Doing business in Canada can prove to be a stumbling block for expanding companies. Although Canadians have much in common with their neighbors to the south, there are also plenty of differences. That’s especially true regarding employment law and managing your employees.

If you plan to hire Canadians to staff your operations, keep these five differences in mind.

1. Payroll for Doing Business in Canada

Payroll is already confusing enough in the United States. When you step over the border into Canada, a whole new set of rules come into play.

At first glance, Canadian payroll may not seem too different than its US counterpart. You calculate how much you owe your employees, you take certain deductions, and you remit those to the Canada Revenue Agency.

Unfortunately it’s not that simple. Canadian law imposes different penalties, different payment schedules, and even different record-keeping obligations on employers. You must be aware of all those differences as you administer payroll.

2. Holidays and Vacation Pay Are Mandatory

Another major difference between employee compensation in the US and Canada is holiday and vacation pay. In the US, both of these are almost entirely optional. If you want to pay your workers for a holiday or give them two weeks of paid vacation, that’s your choice.

In Canada, both are mandatory. Certain holidays are considered statutory, which means employees must be given the day off and paid for the day.

Paid vacation is also non-optional. Employers are expected to set aside a certain amount, often equivalent to a percentage of an employee’s salary or average earnings. This is then used to fund an employee’s vacation entitlement.

Rates of pay for holidays and vacations, as well as the amount of time off, are set by the provinces. That means the rules vary from place to place. An employee in Quebec will be paid differently than one working in Ontario or BC.

3. Health Insurance Is Supplemental

The Affordable Care Act created an obligation for American employers to offer health insurance to their employees. Employers are still able to choose the plan they offer and the provider they work with. Health insurance can act as an incentive for hiring the right talent.

In Canada, the situation is quite different. Canadian employees still like employers who offer health insurance as part of their benefits, but the policies are considered supplemental. Most Canadians are covered by the publicly funded system, so their private insurance usually extends to medical expenses that the provincial programs don’t cover.

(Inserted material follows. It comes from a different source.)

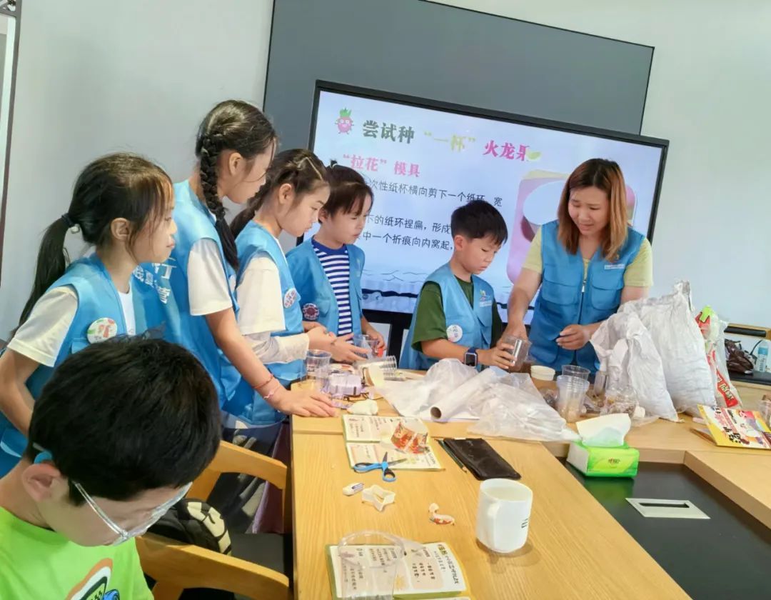 在自然科普教师的鼓励下,“小小园艺师”满怀期待地行动了起来。一次性纸杯成了“拉花”的关键。只见孩子们小心翼翼地将纸杯剪下一圈,轻轻捏扁,形成两个折痕,再将其中一个折痕向内窝起,用订书针固定,心形拉花就完成了。“将火龙果种子种在心形区域内,小心照料,耐心等待出苗就可以了。”三年级学生沈静伊最先解锁“火龙果卡布奇诺”的种植技巧。

Your Canadian employees probably won’t be interested in hospital care or coverage for visiting the doctor. Instead, look for ways to offer them coverage for the care they need, such as dental visits, eye care, or prescription medications.

4. Paid and Unpaid Leave

Another difference US employers encounter when they’re doing business in Canada is the robust set of paid and unpaid leaves Canadian workers are entitled to. Although it varies by province, almost every Canadian employee is entitled to some form of paid or unpaid leave.

Parental leave, for example, is covered for up to 18 months by the federal Employment Insurance program.

5. At-Will Employment Does Not Exist

One of the most jarring differences for US employers operating in Canada is the relationship between employers and employees. In the US, employment is considered “at will.” Either the employer or employee can end it without concern.

The same is not true in Canada, where employers must provide adequate notice or compensation to employees upon termination.

These are just a handful of the differences you’ll find when you’re doing business in Canada. Working with a PEO can help you navigate these issues and help your business succeed north of the border.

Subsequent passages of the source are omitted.